> [Exercise description]: The first line of the entries and each line after it, through the one that contains "交通費4000円、診察として", are to be duplicated exactly; no picture belongs in the copy.

> [Stored items from a collection]:
◇ ◇ ◇ ◇

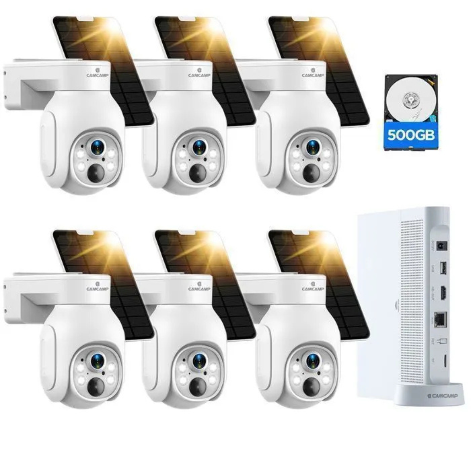 Camcamp Kit Camera Surveillance WiFi Solaire avec 10" Moniteur et 500Go HDD, 10CH NVR 2K Video Surveillance sans Fil, Pas Besoin de WiFi, Vision Couleur, Mouvement Détection,2-Voies Audio,Sortie HDMI
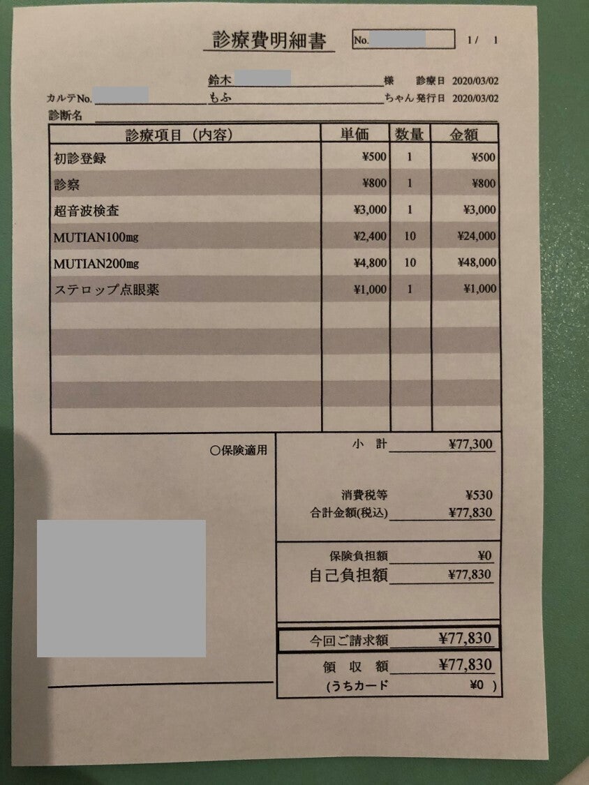 交通費4000円、診察としてエコーや血液検査などの診察、薬を完治まで計算すると90万~100万円程度かかるとみております
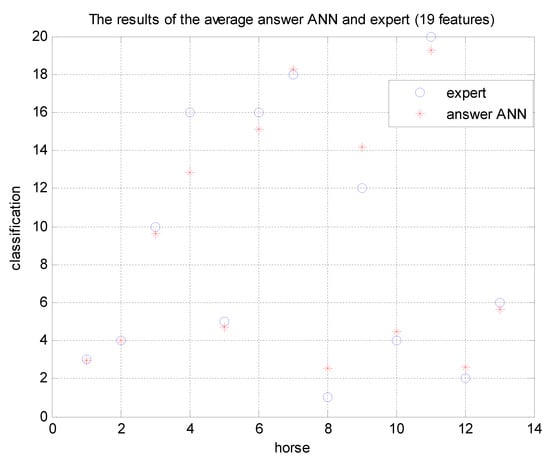 The input data were, in model 3, supplemented with additional information concerning the number of starts of each animal over the period covered by the analysis. The network configuration, in comparison with model 2, differed only by one size of the input vector, while retaining the 20 classes (Figure 4). With the application of 20 classes (expected data) and 19 features (output data) the maximum difference between responses of the artificial neural networks and the expert’s evaluation was 2 classes, namely in 2 instances, with the other responses being similar without exceeding 1 class. It is significant to note that the greatest difference observed in both trial models concerned the same instance. This probably indicates the high sensitivity of artificial neural networks to individual differences in certain features. It should be expected that the observed differences could also arise from a more objective evaluation and precise results of the network as against the expert’s rating. The high compatibility of responses by the artificial neural network with the expected assumptions at the preliminary stage of the study point to the factual possibilities of its practical application. This fact also drew the attention of Schobesberger and Peham [], who obtained a 78.6% compatibility while estimating the occurrence of lameness amongst trotters. The high level of compatibility obtained in the current studies is an indication of the propriety of choice of both the input model and the network structure. The high sensitivity of ANN to the information contained in the model was also confirmed in studies by Panchal et al. []. The ANN model designed with the mentioned studies was applied in cattle classification and to predict the occurrence of mastitis, relying on the parameters of milk quality being evaluated.
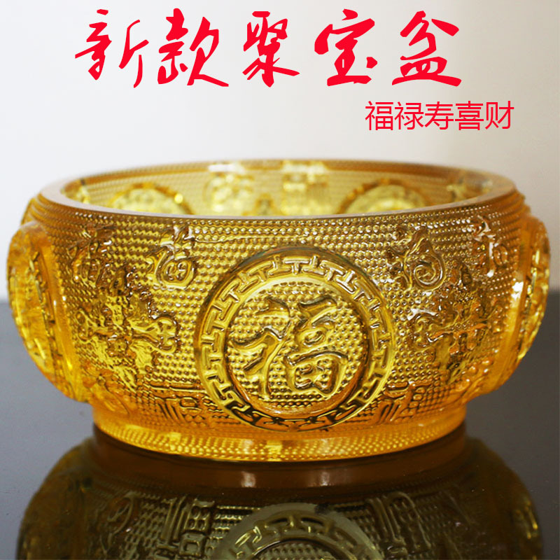 新商品福禄寿喜財五福瑠璃水晶聚宝盆置物元宝客間オフィス開業装飾品
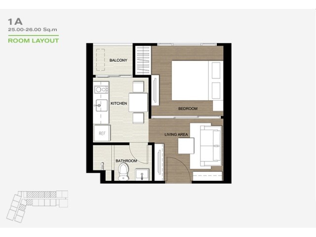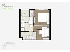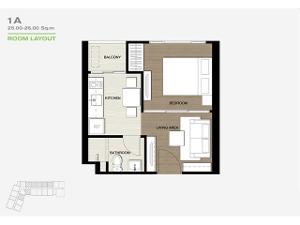 แบบห้อง 1A ห้อง 1 ห้องนอน ขนาด 25.00 ตร.ม.
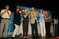 María Dolores de Cospedal y Alfredo Prada, junto a miembros del PP en Suiza, durante el acto en Lausanne.

◇ ◇ ◇ ◇

> [Answer to this problem]:
 Camcamp Kit Camera Surveillance WiFi Solaire avec 10" Moniteur et 500Go HDD, 10CH NVR 2K Video Surveillance sans Fil, Pas Besoin de WiFi, Vision Couleur, Mouvement Détection,2-Voies Audio,Sortie HDMI
 交通費4000円、診察としてエコーや血液検査などの診察、薬を完治まで計算すると90万~100万円程度かかるとみております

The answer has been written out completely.